Why Did Bitcoin Crash?

Bitcoin’s unique antecedents and recent history make it difficult to identify a single reason affecting its markets. A selloff is the most obvious reason for a price decline. In the most recent case, some are blaming miners for instigating the latest crash. Analysts also blame broader macroeconomic forces, such as the Fed’s tightening of the economy, inflation, and Russia’s invasion of Ukraine.

One writer blamed Treasury Secretary Janet Yellen’s recent comment for the cryptocurrency’s steep decline. “It is not something that I would recommend to most people who are saving for their retirement,” she said. “To me it is a very risky investment. Yellen had earlier referred to Bitcoin as a “speculative asset”.  

However, those arguments contradict the cryptocurrency’s marketing by its enthusiasts, who claim that it is an inflation hedge and is immune to the state of the broader global economy.    

Is This Beginning of Bitcoin’s End?   

Some are predicting that the latest crash in Bitcoin’s price might also be its last one. If the cryptocurrency’s price does not recover quickly from its current downward spiral, then it would “seriously undermine” the investment case for the cryptocurrency and lead to an exodus of money from its ecosystem, they say.

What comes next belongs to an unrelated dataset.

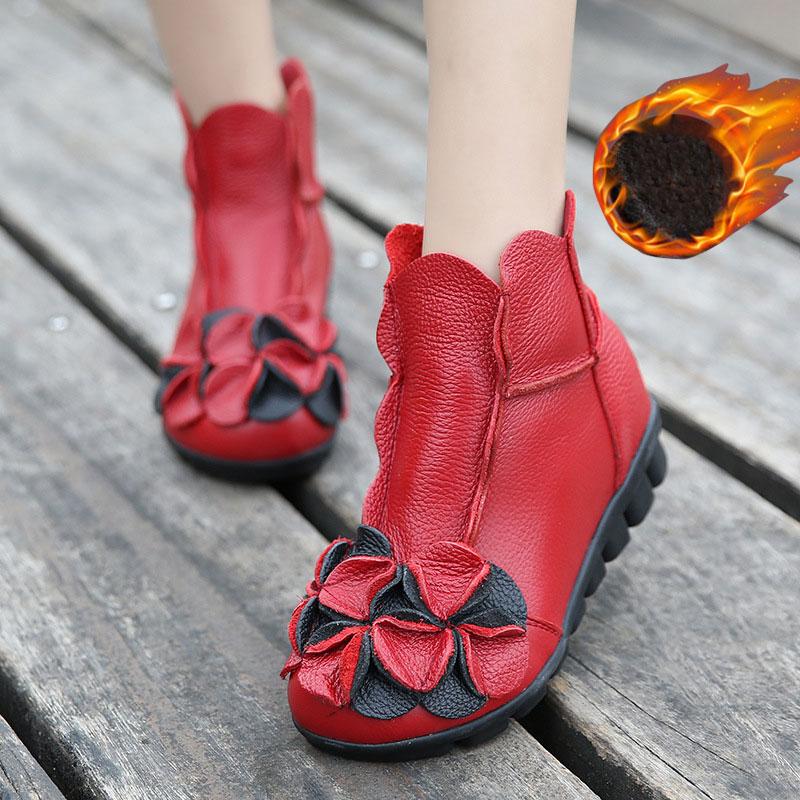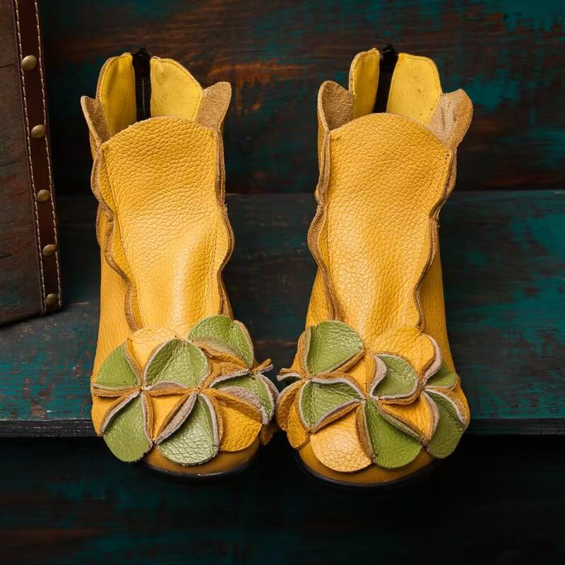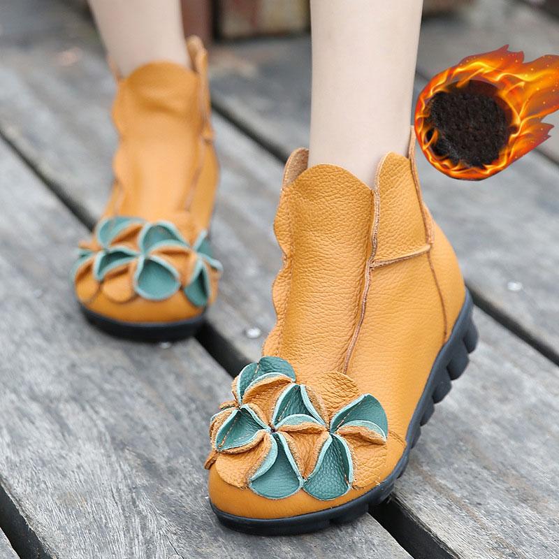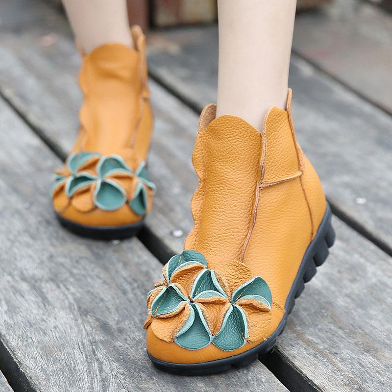 Желтые кожаные сапоги Guenine Flower 2024 года, ботильоны из мягкой натуральной кожи, туфли для мам 2024 года, классические ботильоны в стиле ретро
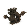 Pronssinen nuoren lohikäärmeen hahmo leikkimässä pallolla, K. 5,5cm.

Bitcoin’s fundamentals, however, tell a mixed story. The total hashrate, or the amount of computing power deployed to mining the cryptocurrency, has increased since the beginning of June as the difficulty level of the algorithm used to mine the cryptocurrency has declined. In simple words, this means that there are more miners engaged in its ecosystem now. But their overall revenues are down from early June. The influx of investments and new products from institutional investors and financial institutions has also changed the contours of its markets, making the prospect of a complete price crash unlikely.